Bacall was one of the most stylish stars we’ve ever had. This, despite the fact that she was not famed as a clotheshorse. Circle back to that Hermès bag, chosen for its style, not as something that immediately proclaimed who made it and how much money was spent on it. The Siren always remembers Bacall looking beautiful, but has a hard time conjuring a specific dress. She was the epitome of the old Coco Chanel remark, that when a woman is well-dressed, you remember her, and not the clothes.

There have been a lot of tributes to Bacall; one of the Siren’s favorites is by Teo Bugbee at The Daily Beast. Though the Siren disagrees with much else he says, the single truest observation belongs to Richard Brody over at his New Yorker blog: "She was meant to play Presidents and C.E.O.s, editors-in-chief and visionary directors." Yes, just so. But Bacall, in her bestselling autobiography and in the many interviews she generously gave over the years, didn’t dwell on missed chances. Complain? Perish the thought, and anyway why should she? She accomplished so much — what’s good in that filmography is brilliant — and moved to the stage and two Tony awards when Hollywood lost its luster for her. Again, she knew what she had.



Here’s a story from Jean Negulesco’s autobiography, about an early-1950s visit to Hollywood by the Shah of Iran and Queen Soraya. The Siren so hopes it is true.

After dinner, during dance time, Bacall, watching the royal couple, whispered to Bogie, “She is so beautiful. Why don’t you get up and ask Queen Soraya to dance?”

Bogie stood up. “If I’m going to dance, I’ll ask the Shah. He’s prettier.”

Bacall, to avert an embarrassing encounter, hurried to invite the Shah herself. They danced beautifully, watched and admired. The Shah, obviously pleased and flattered, complimented his partner: “You’re a natural born dancer, Miss Bacall.”

“You bet your ass, Shah,” Bacall answered with hearty projection.

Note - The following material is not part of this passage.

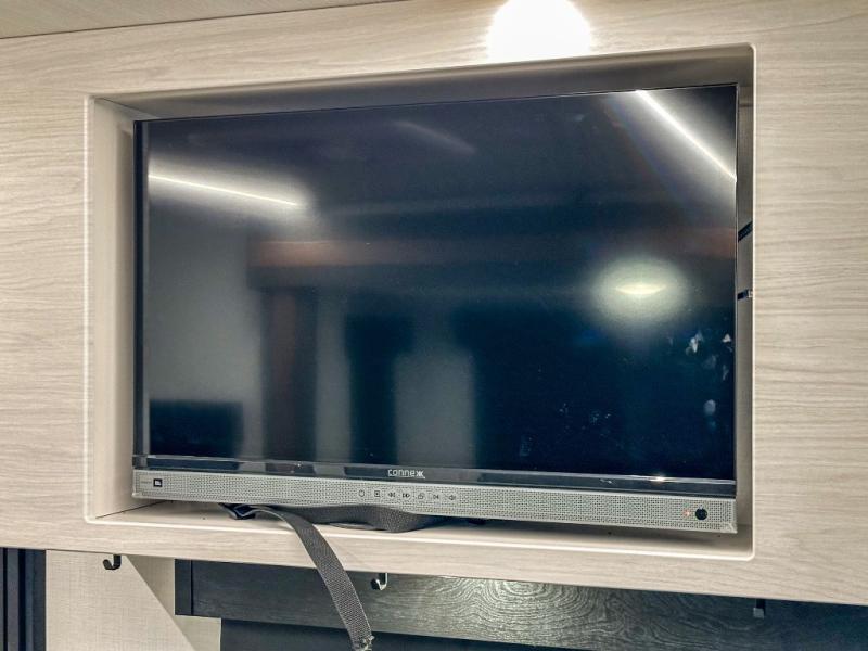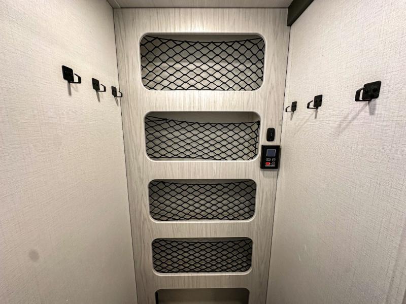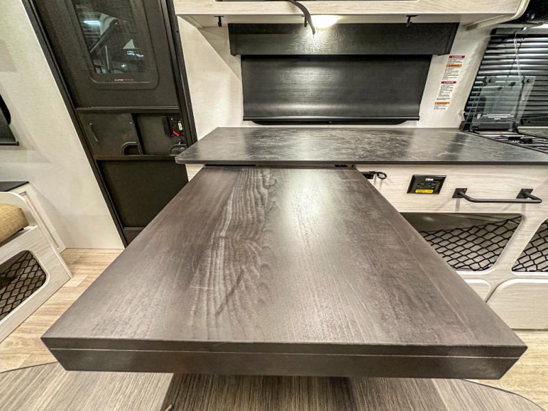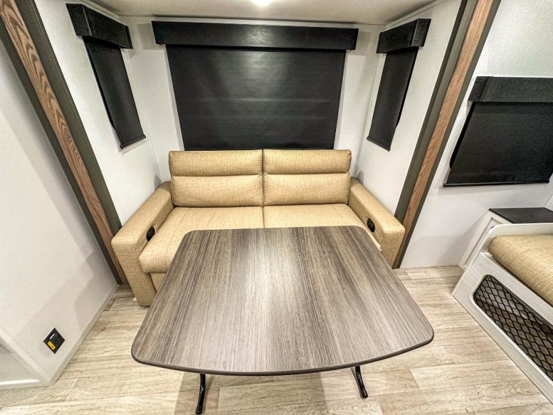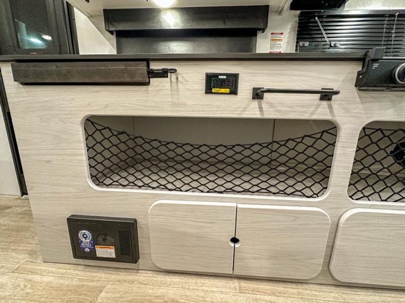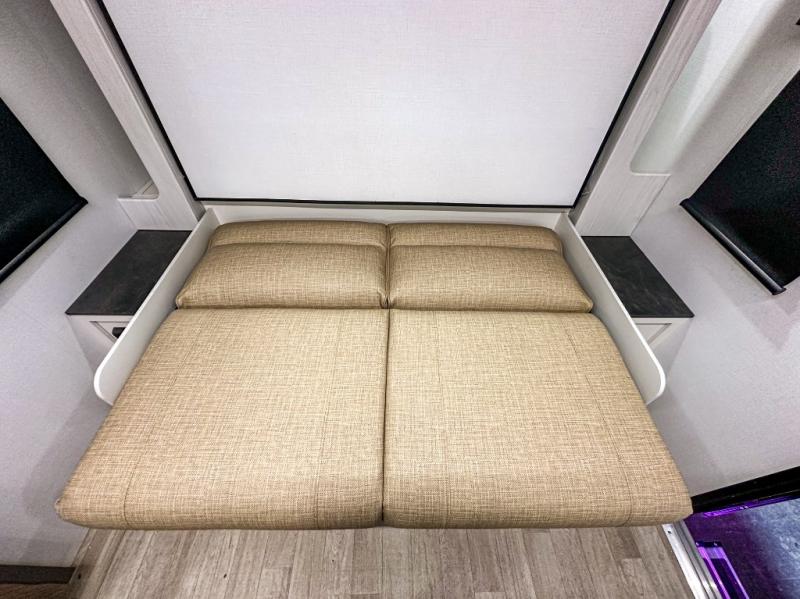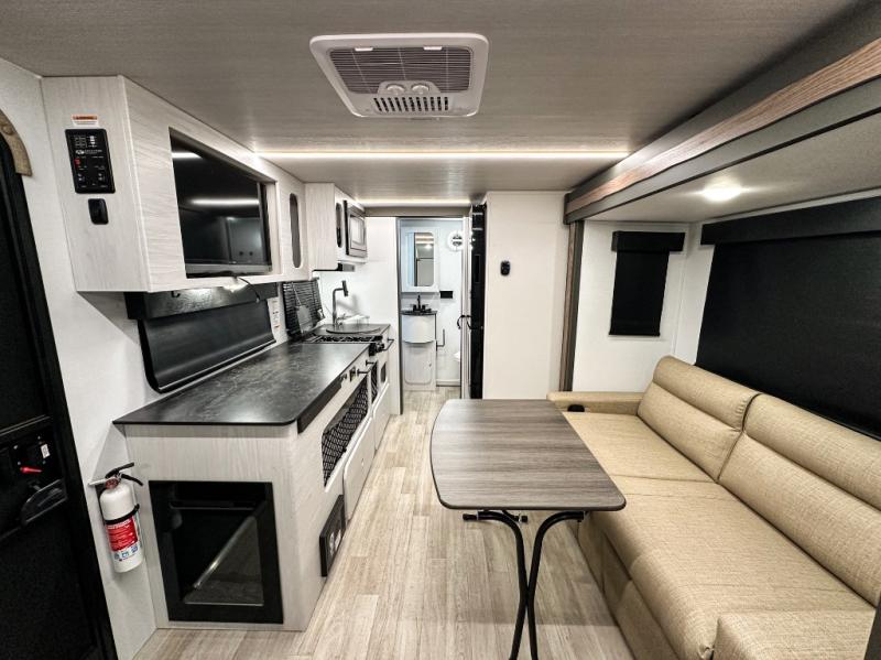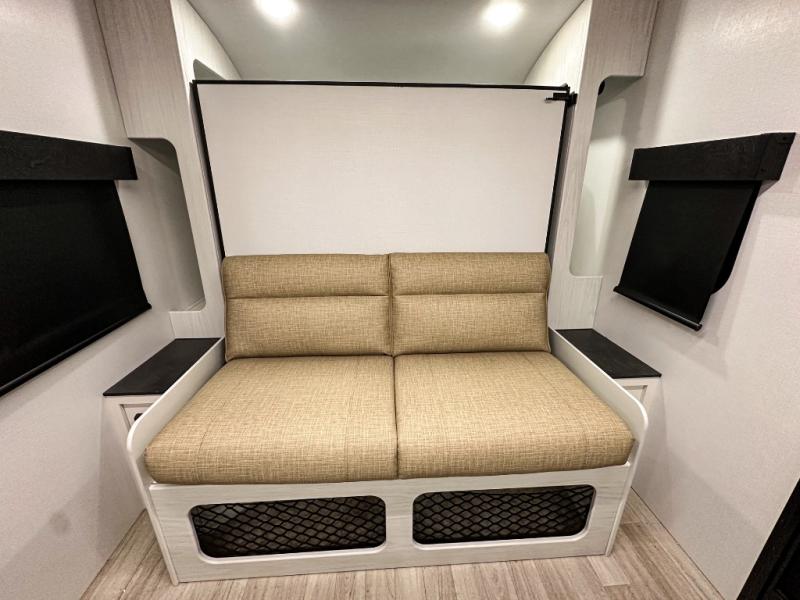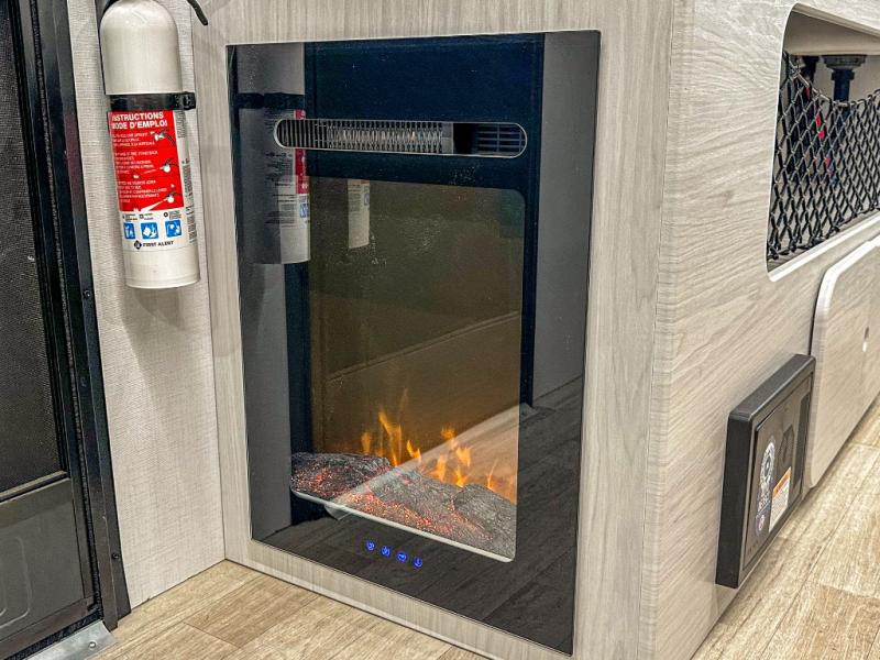 This single axle trailer is both cozy and versatile since there is a fold down sofa/Murphy bed up front! Now you can easily convert seating space into sleeping space, plus there are dual bedside closets to keep your things tidy. A two burner cooktop and air fryer/convection microwave will let you cook meals each day, and there is a huge countertop plus a flip-up extension for even more prep space. This unit also includes a theater dinette where you can relax each day, and the fireplace is sure to make your space feel like home!

Without missing a step.

One moment in Woman’s World shines bright: On the big night of the job announcement, Bacall has arrayed herself in a chiffon evening gown. The Siren isn’t crazy about the gown — it’s ruched like drapes and is a taupey beige color she particularly dislikes. But Bacall looks spectacular in this thing, and she checks her figure and face in the mirror with a smile of pure pleasure. So seldom do you get a star in the movies who’s shown openly enjoying her own beauty. Not teasing a man, not preparing for battle, just looking in the mirror and loving what she sees. So did we. Merci, Madame Bacall.